* _What the task asks_: Would you retype, word for word, the line with "All brick Harrison" and each line after it to the end of the entries below, leaving the pictures out?

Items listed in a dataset
┄┄┄┄┄┄

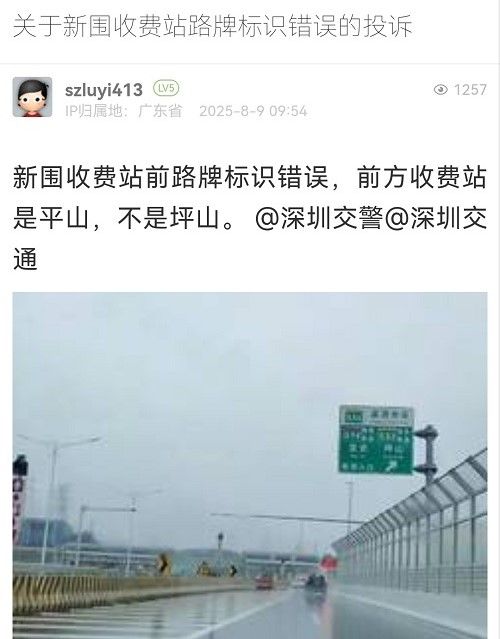 26. 帖文《關(guān)于新圍收費站路牌標(biāo)識錯誤的投訴》
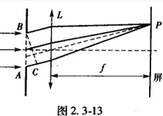 一束波长为A的平行单色光垂直入射到一单缝AB上,装置如图2.3-13。在屏幕上形成衍射图样,如果P是中央亮纹一侧第一个暗纹所在的位置,则AC的长度是()。
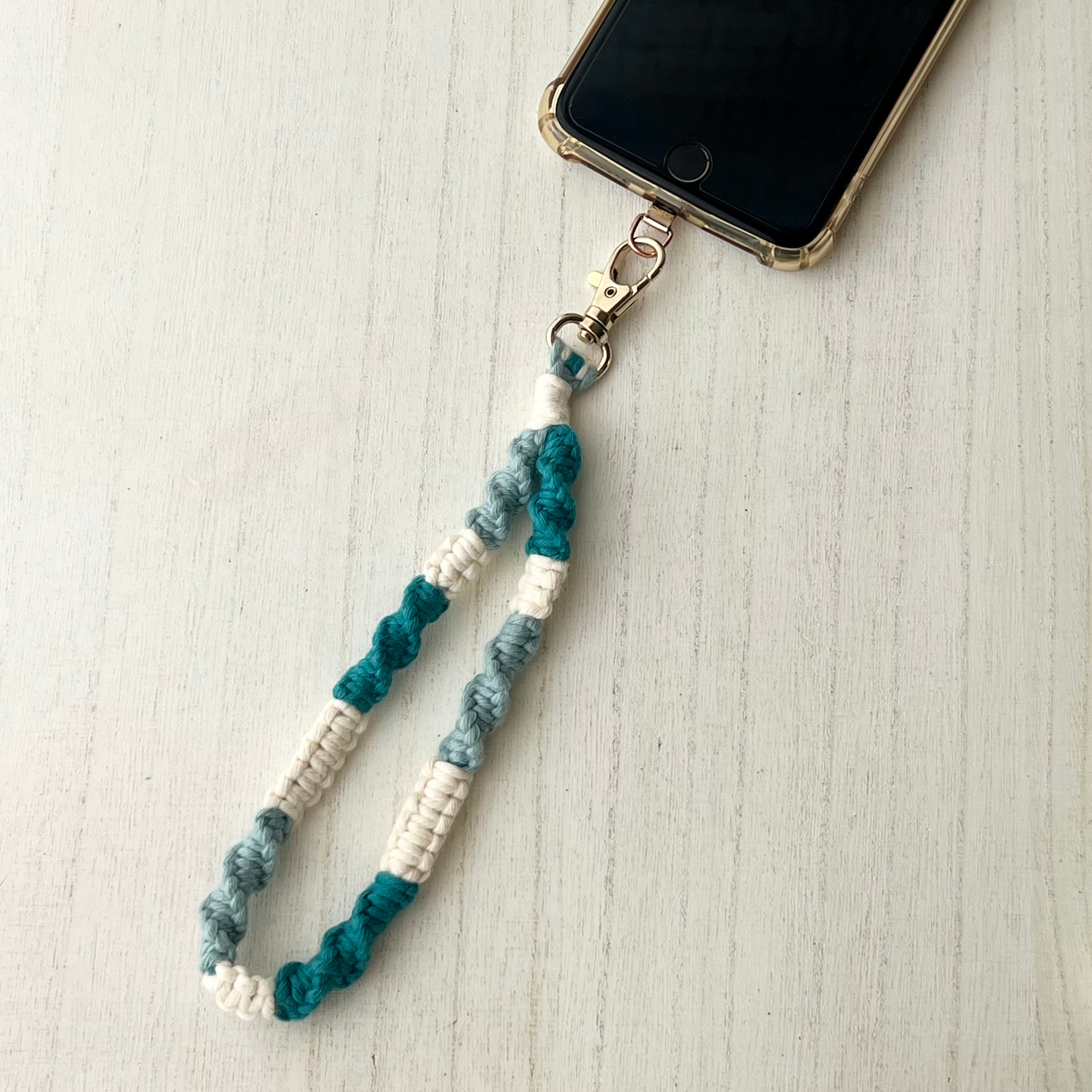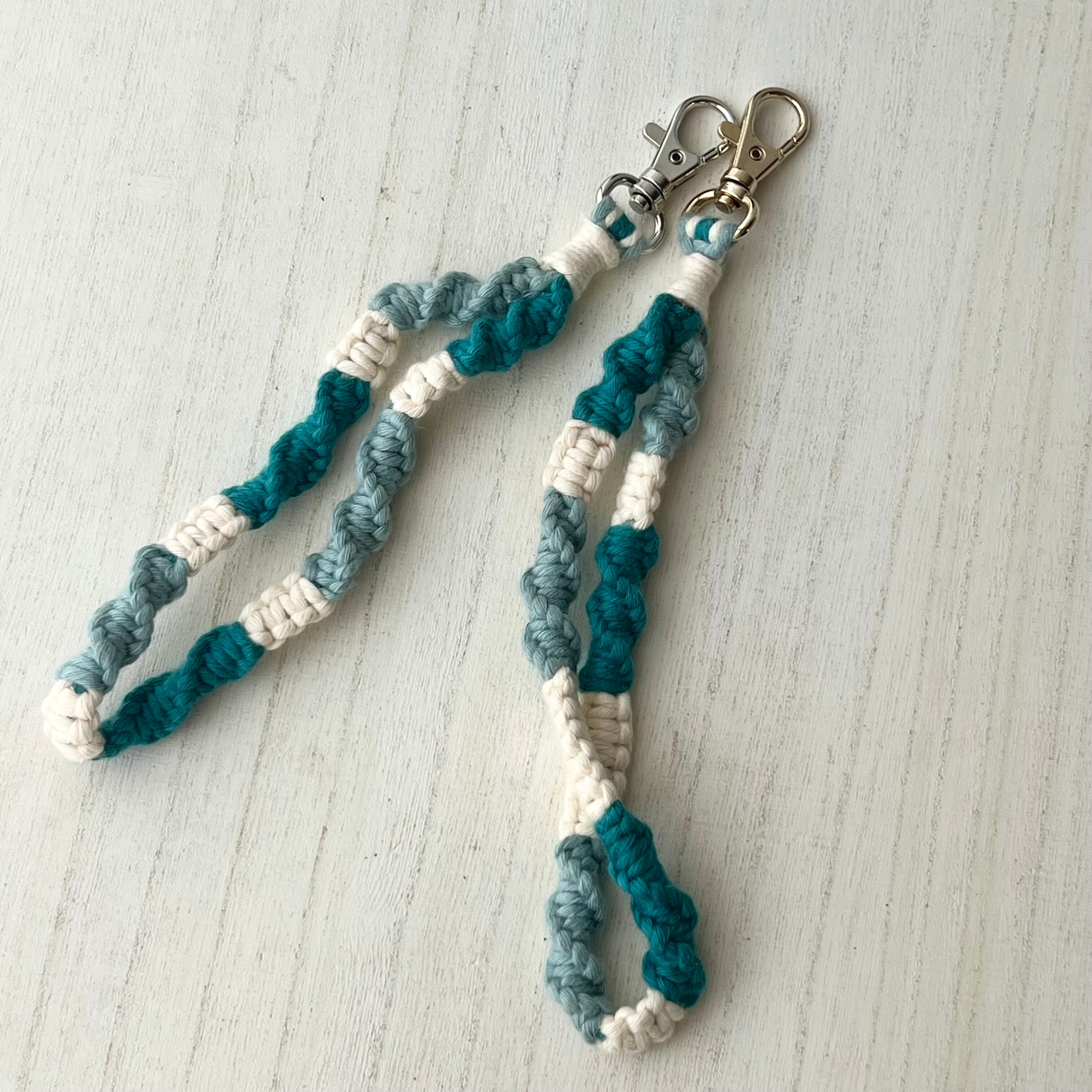 シーグラスと相性抜群!デニムやリネンに合うマクラメハンドストラップ~ ピーコックブルー×オールドブルー×生成 ~
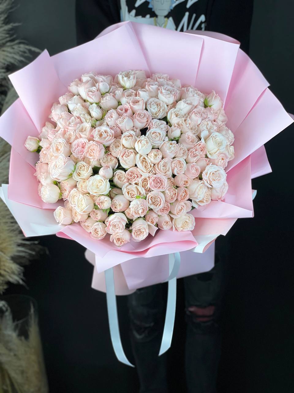 минимальный состав: кустовые розы 31шт., лента, упаковка на выбор.
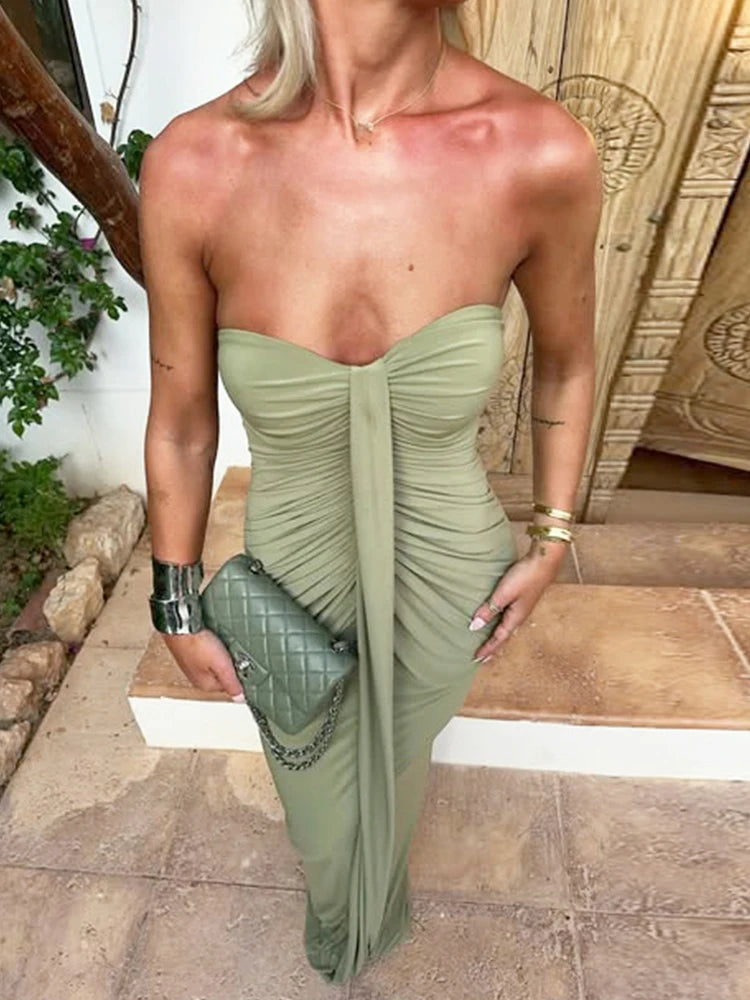 Strapless Dress Women Classic Patchwork Ribbon Ruched Sexy Elegant Birthday Party Skinny Stretch Clubwear Bodycon
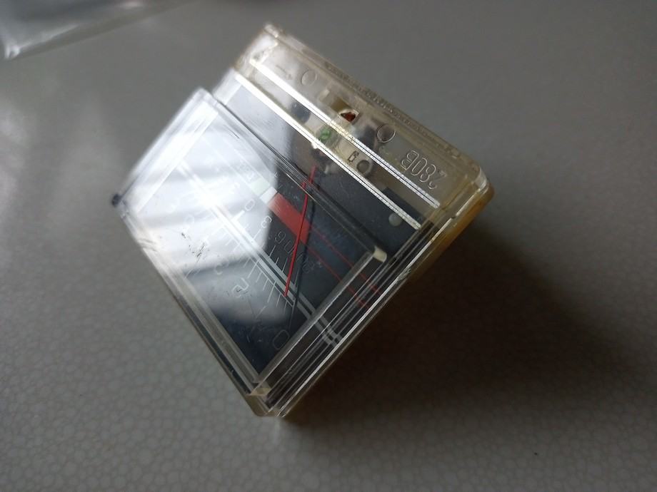Prodajem instrument koji je ujedno VU/db metar, pokazivač jakosti radijskog signala i pokazivač stanja napunjenosti baterije. Nisam zabilježio ni naziv proizvođača niti naziv modela uređaja kojemu je pripadao. Ispravan je, a provjeren je analognim multimetrom. Fotografije priložene uz oglas prikazuju ovdje oglašeni predmet. Mjere prozora, odnosno onoga što se vidi kada je ugrađen su 50x28 mm, a vanjske mjere predmeta 54x48 mm.
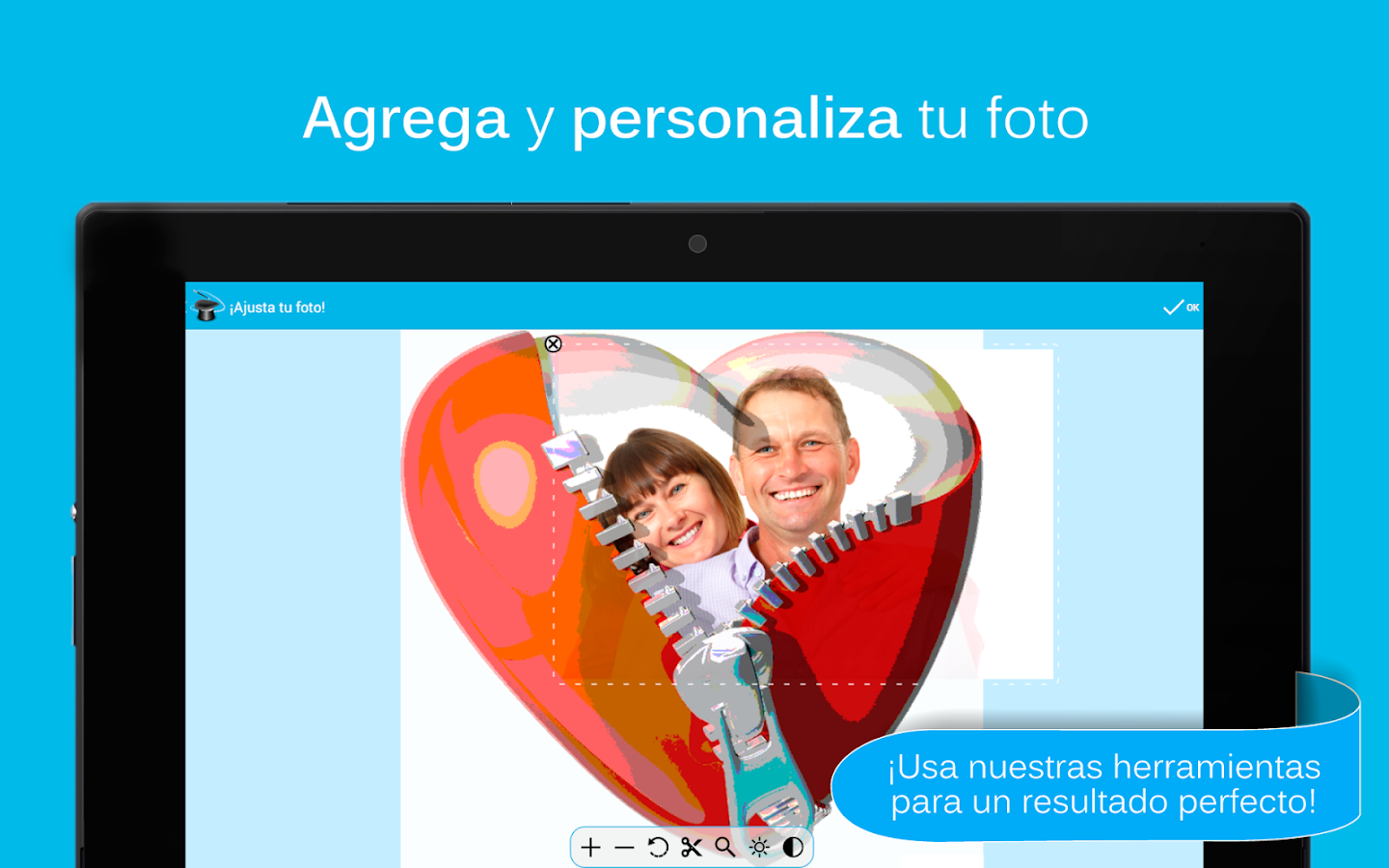 * Usa las fotos de tu galería, cámara y Facebook.
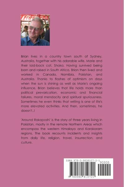 'Around Rakaposhi' is the story of three years living in Pakistan, mostly in the remote Northern Areas (which could be called 'Pakistani Kashmir') which encompass the western Himalaya and Karakoram regions. The book recounts incidents and insights from daily life, religion, travel, insurrection, and culture in regions that are difficult to access and which are visited by comparatively few outsiders.
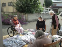 今日は午前中にふじや衣料品店様にお越しいただき入居者様に秋冬物の衣類を購入していただきました。
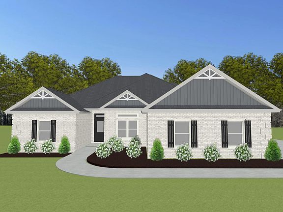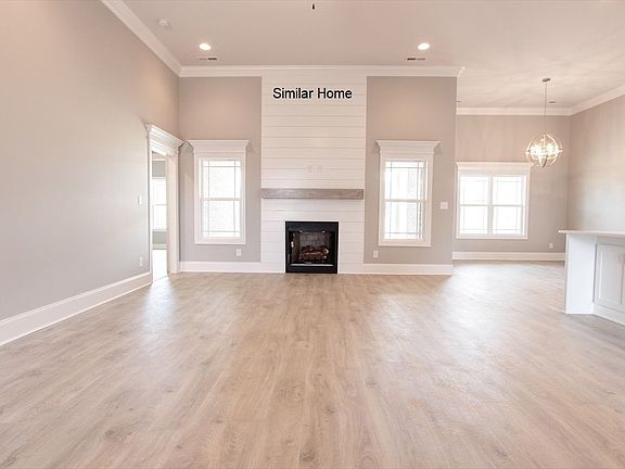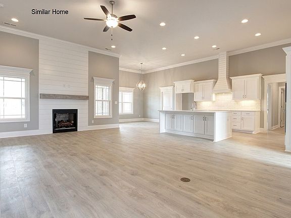 All brick Harrison Plan A is an open plan with a 3 car side entry garage backed by a 2-10 home warranty.. Home has 4 bedrooms, 3 baths. Home has wood plus flooring (Mohawk Revwood, Engineered Hardwood or similar product) in all living areas and bedrooms. Great Room features 12' ceiling, extensive trim, gas-log fireplace with upgraded fireplace treatment, floor outlet, recessed lights and ceiling fan. Dining room has 10' coffered ceiling, extensive trim including shadow box under chair rail. Kitchen includes 12' ceiling, soft close custom cabinetry and granite counter tops, large island with extra storage and countertop seating, stainless appliances (Gas Cooktop, Cabinet Vent Hood, Wall Oven, Wall Microwave, Dishwasher), tile backsplash, wood plus flooring, recessed and under cabinet lighting, and huge walk-in pantry. Breakfast has 12' ceiling. Master bedroom has 11' double tray ceiling, recessed lighting, extensive trim and ceiling fan. Master bath has 11' ceilings, free standing tub, large tile shower with two shower heads and rimless shower door, separate toilet area, double vanity with granite countertops and large walk-in closet. The additional bedrooms have 9' ceilings, ceiling fans and crown molding. The additional baths have 9' ceilings, tile flooring and granite counter tops. Laundry has 9' ceiling, custom cabinet, and tile flooring. Dropzone bench by door to garage. Home has large rear covered porch with ceiling fan as well as additional covered porch behind the brea
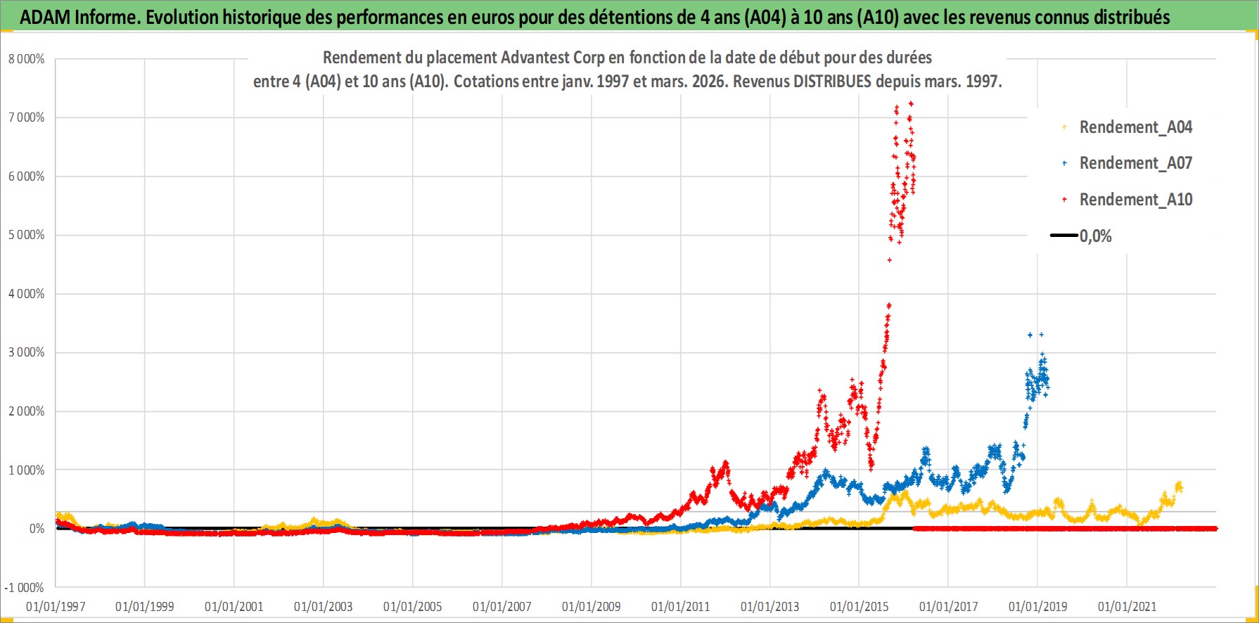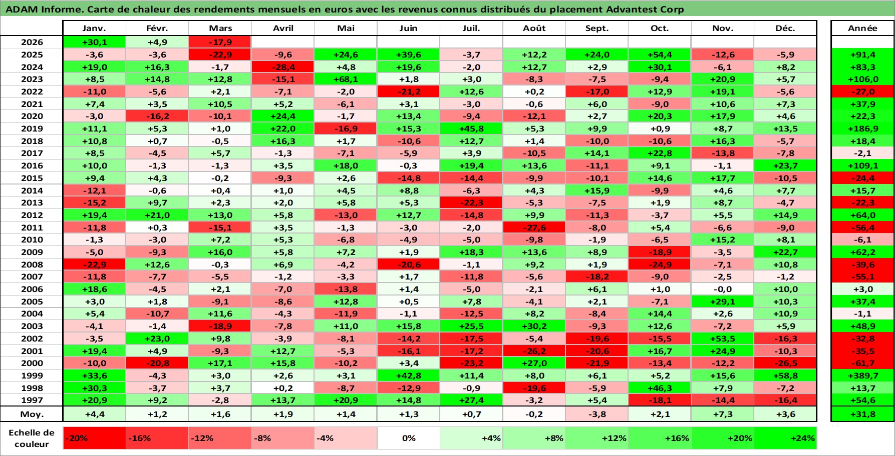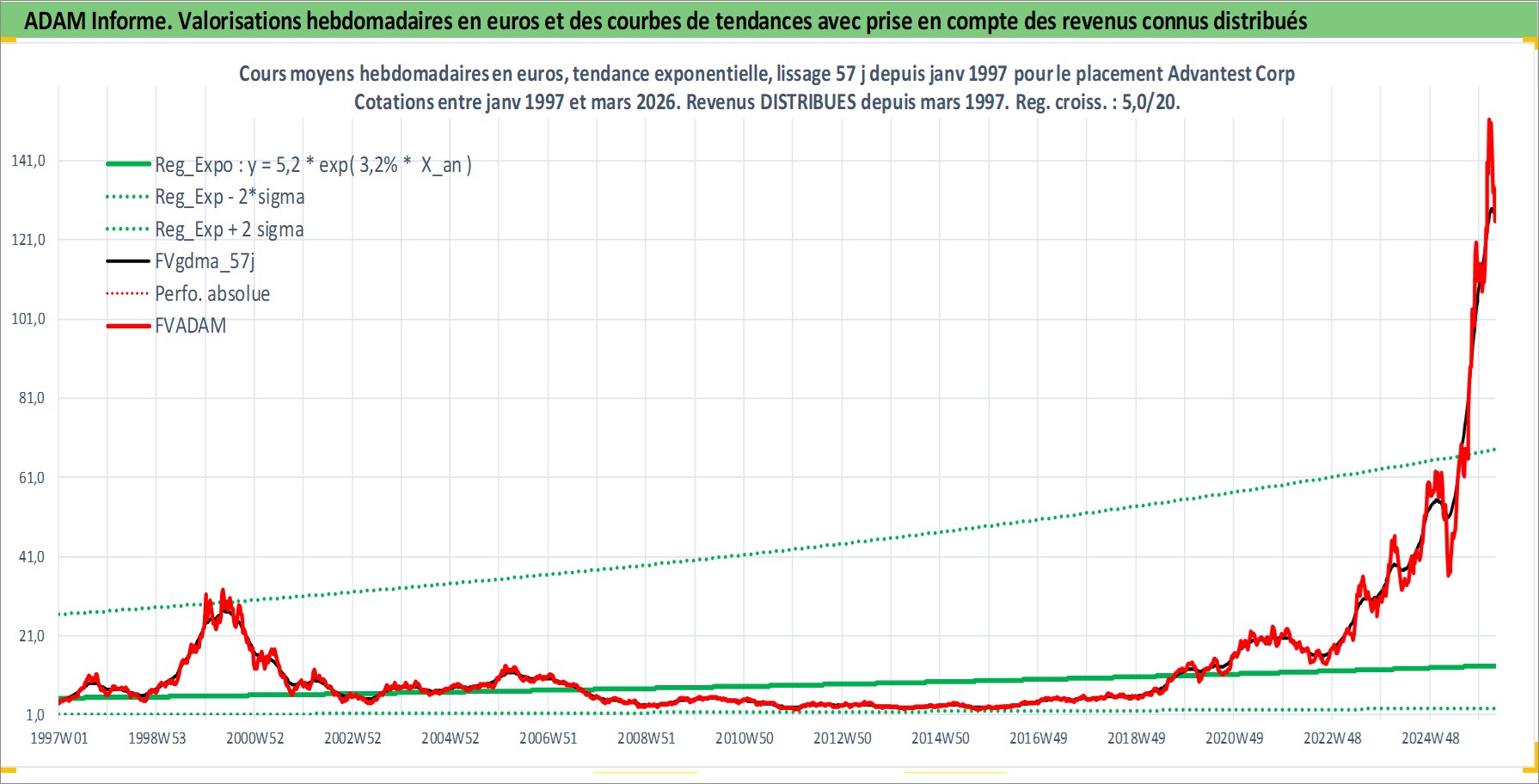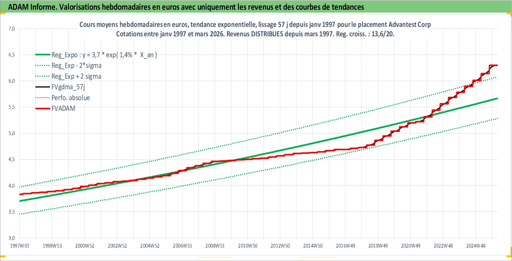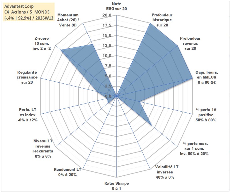 Site dédié aux investisseursPage dédiée sur site financeAnalyse des valorisations hebdomadaires de l'action Advantest Corp. Cet actif est cote en JPY. Les valorisations sont en contrevaleur EURO et couvrent les semaines 1997W01 a 2026W13. Les revenus de cet actif financier sont pris en compte depuis la semaine 1997W13. La note ESG de cet actif n'est pas connue.

┄┄┄┄┄┄

* _Result of the task_:
 All brick Harrison Plan A is an open plan with a 3 car side entry garage backed by a 2-10 home warranty.. Home has 4 bedrooms, 3 baths. Home has wood plus flooring (Mohawk Revwood, Engineered Hardwood or similar product) in all living areas and bedrooms. Great Room features 12' ceiling, extensive trim, gas-log fireplace with upgraded fireplace treatment, floor outlet, recessed lights and ceiling fan. Dining room has 10' coffered ceiling, extensive trim including shadow box under chair rail. Kitchen includes 12' ceiling, soft close custom cabinetry and granite counter tops, large island with extra storage and countertop seating, stainless appliances (Gas Cooktop, Cabinet Vent Hood, Wall Oven, Wall Microwave, Dishwasher), tile backsplash, wood plus flooring, recessed and under cabinet lighting, and huge walk-in pantry. Breakfast has 12' ceiling. Master bedroom has 11' double tray ceiling, recessed lighting, extensive trim and ceiling fan. Master bath has 11' ceilings, free standing tub, large tile shower with two shower heads and rimless shower door, separate toilet area, double vanity with granite countertops and large walk-in closet. The additional bedrooms have 9' ceilings, ceiling fans and crown molding. The additional baths have 9' ceilings, tile flooring and granite counter tops. Laundry has 9' ceiling, custom cabinet, and tile flooring. Dropzone bench by door to garage. Home has large rear covered porch with ceiling fan as well as additional covered porch behind the brea
 Site dédié aux investisseursPage dédiée sur site financeAnalyse des valorisations hebdomadaires de l'action Advantest Corp. Cet actif est cote en JPY. Les valorisations sont en contrevaleur EURO et couvrent les semaines 1997W01 a 2026W13. Les revenus de cet actif financier sont pris en compte depuis la semaine 1997W13. La note ESG de cet actif n'est pas connue.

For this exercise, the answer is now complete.